DEARBORN – To many residents’ satisfaction, the city won’t ask voters whether they want to sell a 40-acre parcel of land in Camp Dearborn that houses trailers to fund necessary infrastructure renovations.
Property and home owners are already paying hefty taxes, having to support a school district that includes a college, public transportation and now a millage levied either on property tax or water bills to fund a federally mandated project to separate sanitary sewer pipes from those of storm sewers.
During a special meeting on July 31, the Dearborn City Council faced a ruffled audience who echoed widely-held sentiments among residents: They’re sick of paying too much in taxes and many didn’t want to be forced to move their long-standing trailers to another site if the northwest 40-acre parcel was sold. That land sale would allow for the development of residential property to fund required infrastructure repairs and attract venture capital investment and other recreation programs in the city.
The 626-acre campground is located in Milford, but is owned and operated by the city of Dearborn.
Residents feared that putting the question in the hands of voters would ensure the sale of the Camp Dearborn parcel.
A Recreation Department spokesperson said that department requested the City Council put the potential sale of the parcel on the November ballot and that many of the trailers haven’t been moved in more than a decade. The spokesperson also said laws require trailers to be movable.
About 200 trailers would need to be moved to an adjacent site, although 13 are up for sale. It would cost about $500 to move each trailer.
The spokesperson added that $1.2 million are needed for infrastructure improvements and $8 million to get asphalt up to city standards. However, Mayor Jack O’Reilly said the city didn’t have an estimate for the total cost it would take to meet the requirements.

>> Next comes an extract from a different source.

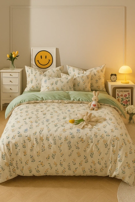 Pościel bawełniana w drobne kwiatki 160x200 3 el. Terry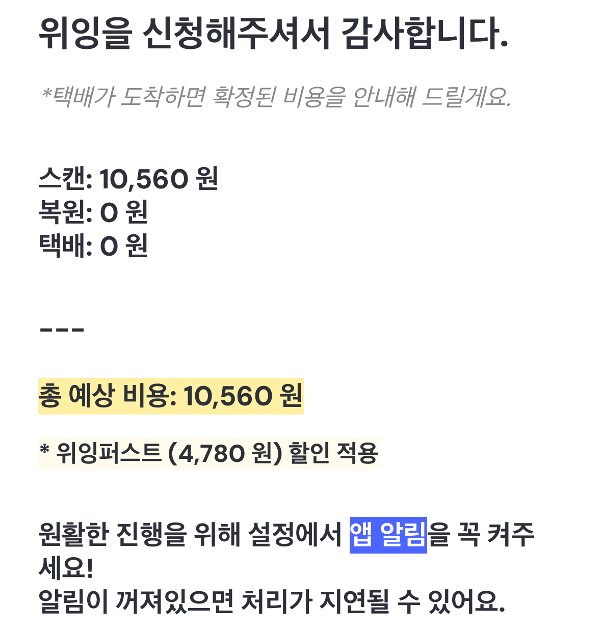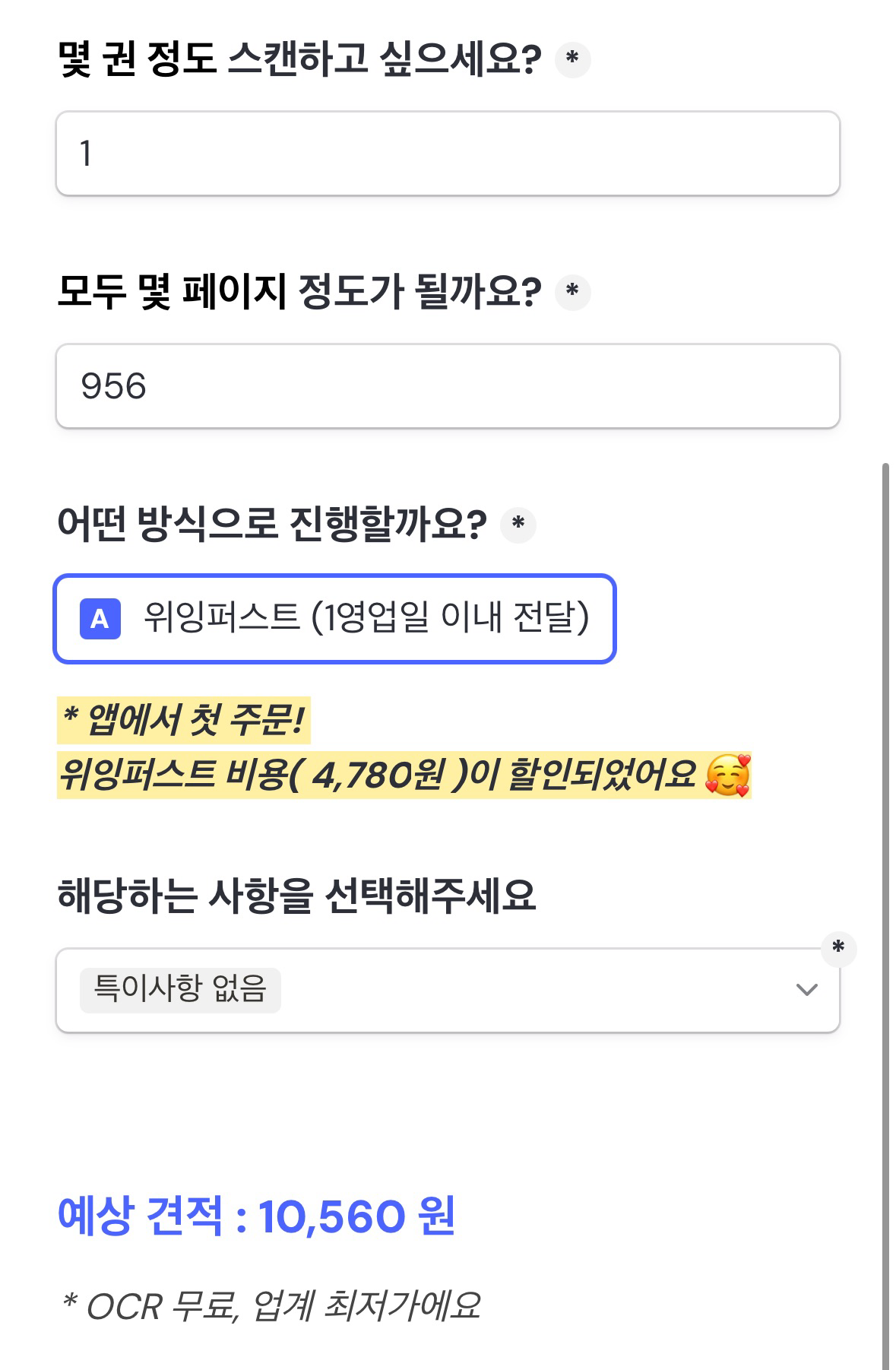 또한, 앱에서 첫 주문 시 ‘위잉퍼스트’ 서비스가 무료로 제공되는 것도 확인할 수 있다. 위잉퍼스트를 이용하면 보다 빠르게 PDF 파일을 받을 수 있다는 장점이 있다. 반면, 일반 스캔 서비스의 경우 완료까지 1~3일 정도 소요된다.

Based on the Recreation Department’s numbers, the park generates $4.2 million in revenue and about $100,000 to $300,000 in profit annually to the city.
What sparked considering the sale, O’Reilly said, is that three years ago Michigan Department of Environmental Quality inspectors told the city the condition and size of many trailers were not in compliance with state standards. The MDEQ threatened to revoke the park’s camping license.
He added that some Milford residents living near Camp Dearborn want the campground gone. Some trailer owners, who are leasing the property, said the residents’ motivations might be racist, as many of the tenants are Arab Americans.
Councilman David Bazzy said the discussion to sell a portion of Camp Dearborn has been discussed by previous Council members, as its recreational zoning has depreciated its value.
“The only reason Camp Dearborn is not in further decline is we’re lucky enough that we found gas reserves and oil,” Bazzy said. “Those are the dollars that are supporting the camp today.”
Councilwoman Leslie Herrick was among those suggesting the possible sale of the land would be a way to fund the camp’s infrastructure upgrades.
“Without tax dollars being stretched and with taxpayers who feeling they are maxed out, if we can do anything to keep Dearborn self-sustaining, I would like to see that happen,” Herrick said.
Resident Hassan Abdullah expressed concern that property owners are being forced to pay to improve a campground from which they’ll be kicked out so it can be sold.
Some meeting attendees also questioned why the city would spend money to open Michigan’s longest zip-line, when the campgrounds need upgrades.
Dearborn Heights resident Zuhair Abdelhak pressed the Council to, “think outside to the box to pay for the upgrades and keep those memories for people who lived here all their lives and [the land] an outlet for people to enjoy themselves with their families.”
Ultimately, attendees said it was premature for the Council to ask residents to vote on selling the land before it had any assurance the land could be rezoned and before finding another property to which to move the trailers.
In the end, none of the Council members agreed to move on putting the measure for the land’s sale on the ballot.
Councilman Mike Sareini told The AANews that since talk of selling the property began in April, several steps, like getting an appraisal, needed to be done before a sale took place.
“I don’t believe you can sell land without doing your due diligence,” he said. “I felt that it was extremely premature and rushed.”
He added that the city received a rough estimated appraisal on the land about two hours before Tuesday’s meeting.